I am very happy to hear that both climbers lived, and that Tom would recover fully. Helmet saved Tom's life, no question. My thoughts are with these guys... it must have been incredibly hard to write it up.


bennydh wrote:
I read the story, and all I can think is 'Why?'.

For the same reason(s) you have when you climb. You make your choices on style, protection, boldness, difficulty, etc. But you take risks when you climb.

These guys made a choice that you may not be comfortable with. I certainly don't feel that I can climb 100 pitches in a day, or that I should be simul-climbing. Which is why I don't do it.

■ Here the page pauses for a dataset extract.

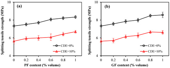 Splitting tensile strength of HSC with (a) polypropylene and (b) glass fibers.

But other people do. And I am not the judge.


bennydh wrote:
Beyond that, its like a free soloist expecting a spot. :/

Not sure I get your meaning here. No climber, no matter what style of climbing they do, starts out on their climb expecting to need rescue or help. These guys didn't either.



lena_chita,
I sometimes simul with a partner. With that said, I also want to be clear that when I simul, I am not consistently leaving 50+ foot gaps in between gear.

From the Blog:
"If the first climber falls and the gear is solid, it can be very similar to a regular belayed fall, though much scarier and potentially much more serious."

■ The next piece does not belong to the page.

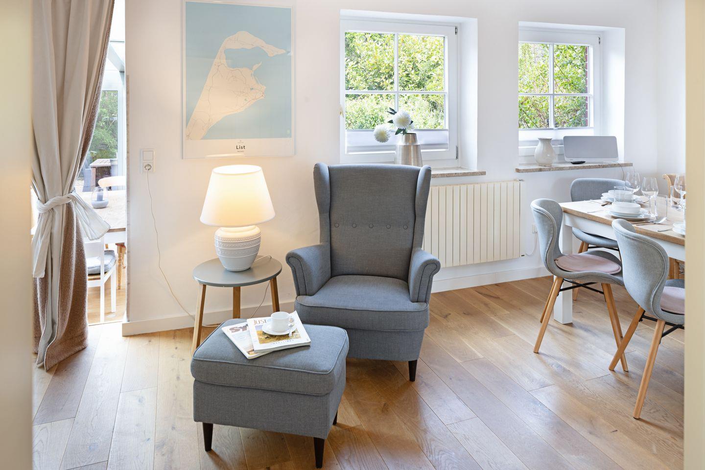Zentral gelegenes familienfreundliches Ferienmittelhaus für bis zu sechs Personen mit Wintergarten und Garten mit Strandkorb.

It's the delusional and undermining logic about the safety of such shenanigans that has led to needing rescue. (More than once now?)

It should read, "during this type of climbing, a leader fall will likely kill someone, we would be lucky to live, and thankful if the climbing community can save one or both of us."

Its obvious I'm not stoked about this 'Tragedy' and feel it should have been avoided all together. I also want to say how happy I am that no one is dead, and how great it is that a helmet saved a life.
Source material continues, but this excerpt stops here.